**Assignment**
Leaving the pictures aside, repeat each line below exactly.

**Recorded data**
□ □ □ □ □
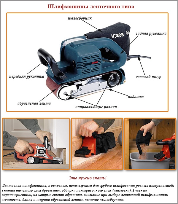 Ленточная шлифовальная машинка применяется в основном для существенной корректировки больших плоских поверхностей. Благодаря своим высоким рабочим характеристикам, с ее помощью можно снимать толстые слои материала, который поддается воздействию абразива.
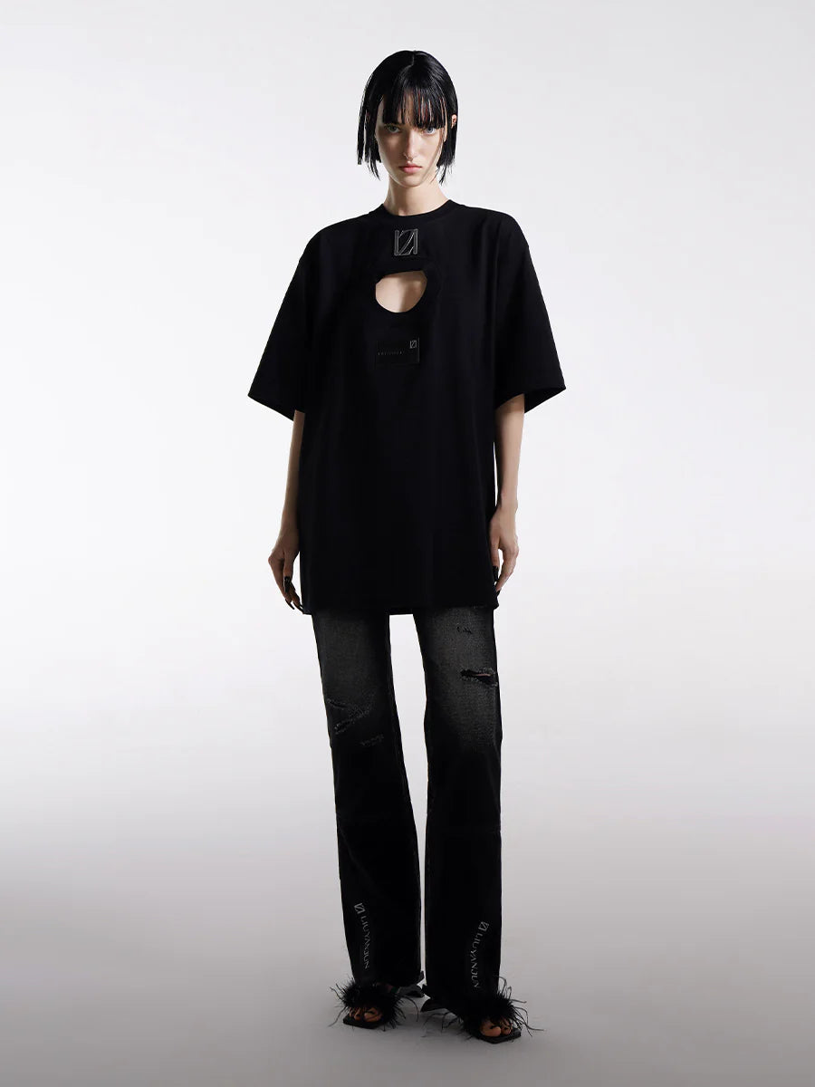 DESTRUCTED T-SHIRT WITH TWO-WAYS WEARING
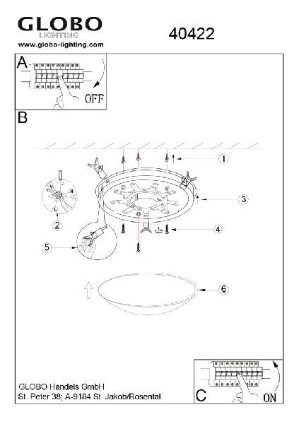 Станьте первым, кто оставит отзыв о товаре Настенно-потолочный светильник Globo Palila 40422.
□ □ □ □ □
**Output of the exercise**
 Ленточная шлифовальная машинка применяется в основном для существенной корректировки больших плоских поверхностей. Благодаря своим высоким рабочим характеристикам, с ее помощью можно снимать толстые слои материала, который поддается воздействию абразива.
 DESTRUCTED T-SHIRT WITH TWO-WAYS WEARING
 Станьте первым, кто оставит отзыв о товаре Настенно-потолочный светильник Globo Palila 40422.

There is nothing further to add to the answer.